The Director of the Bureau of German Affairs (Byroade) to the United States High Commissioner for Germany (McCloy)1


Dear McCloy: Bob West, Special Assistant to the Secretary on Migration Affairs, came in the other day to discuss the effort in which the Department is participating to secure special legislation at this session of the Congress which would permit entry into the U.S. of numbers of immigrants substantially in excess of those permitted under the quotas. This effort follows somewhat along the lines of Displaced Persons legislation which, as you know, has been fulfilled. The effort deals particularly with the admission of people from certain areas in Western Europe where acute problems of over-population exist and, of course, Western Germany has been considered one of the principal areas. We have felt that, even after taking into account the utmost that might be expected from the expanding economy of Western Germany, there still would remain substantial numbers of people who have little chance of satisfactory resettlement within Western Germany and consequently we should support efforts which would help create possibilities of resettlement for voluntary emigrants. This consideration has been basic to the position which the U.S. has taken in several international conferences dealing with the subject and is one of the factors underlying the effort now being made to secure special legislation as to immigration into the U.S.

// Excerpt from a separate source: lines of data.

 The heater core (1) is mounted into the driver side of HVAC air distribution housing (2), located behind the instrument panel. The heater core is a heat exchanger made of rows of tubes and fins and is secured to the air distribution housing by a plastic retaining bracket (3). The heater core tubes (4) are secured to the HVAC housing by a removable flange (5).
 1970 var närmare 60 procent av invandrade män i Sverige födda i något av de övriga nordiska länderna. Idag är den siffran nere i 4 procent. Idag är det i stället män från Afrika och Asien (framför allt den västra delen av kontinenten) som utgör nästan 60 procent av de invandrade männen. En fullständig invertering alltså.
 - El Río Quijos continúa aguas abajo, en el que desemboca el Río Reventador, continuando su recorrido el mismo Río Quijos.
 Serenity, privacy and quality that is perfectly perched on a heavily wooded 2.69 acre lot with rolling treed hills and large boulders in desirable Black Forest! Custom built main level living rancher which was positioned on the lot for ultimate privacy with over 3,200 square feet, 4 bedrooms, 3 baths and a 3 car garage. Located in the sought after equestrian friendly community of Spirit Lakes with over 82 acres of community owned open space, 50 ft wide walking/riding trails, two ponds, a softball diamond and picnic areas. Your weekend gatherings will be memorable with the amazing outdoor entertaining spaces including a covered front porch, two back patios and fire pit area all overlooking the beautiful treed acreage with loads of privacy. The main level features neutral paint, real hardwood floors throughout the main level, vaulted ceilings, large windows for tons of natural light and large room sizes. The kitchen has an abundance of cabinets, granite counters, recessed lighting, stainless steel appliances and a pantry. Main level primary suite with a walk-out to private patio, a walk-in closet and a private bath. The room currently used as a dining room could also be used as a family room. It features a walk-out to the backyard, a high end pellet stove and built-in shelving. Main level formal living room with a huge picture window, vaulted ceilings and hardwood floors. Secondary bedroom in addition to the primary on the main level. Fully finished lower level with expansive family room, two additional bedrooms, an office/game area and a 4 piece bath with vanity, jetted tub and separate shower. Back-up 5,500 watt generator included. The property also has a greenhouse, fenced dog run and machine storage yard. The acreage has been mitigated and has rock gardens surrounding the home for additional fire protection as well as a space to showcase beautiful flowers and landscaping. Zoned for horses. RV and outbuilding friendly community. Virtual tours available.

West told me that Mr. Harry Rosenfield, Displaced Persons Commissioner, on returning from his recent trip to Europe, reports that you do not feel that Western Germany needs such help as might be afforded by the promotion of possibilities of emigration. I was somewhat surprised at this report because it reflects a view contrary to my understanding of the situation which has developed in Western Germany as a result of the influx of the refugees and expellees. You will recognize the difficulty of promoting this matter of special legislation here in the U.S. if you think that efforts to promote possibilities of emigration are unnecessary or undesirable from the point of view of the interests of the Federal Republic. I cannot help but wonder whether Mr. Rosenfield did not receive an impression in his conversations with you which does not fully reflect your views of the situation and it would be very helpful indeed if you would give me your appraisal of the usefulness of endeavoring to provide an outlet for some of these people here in the U.S.

Sincerely yours,

Henry A. Byroade
  1. Drafted by Robert West and Geoffrey W. Lewis, Deputy Director, Bureau of German Affairs.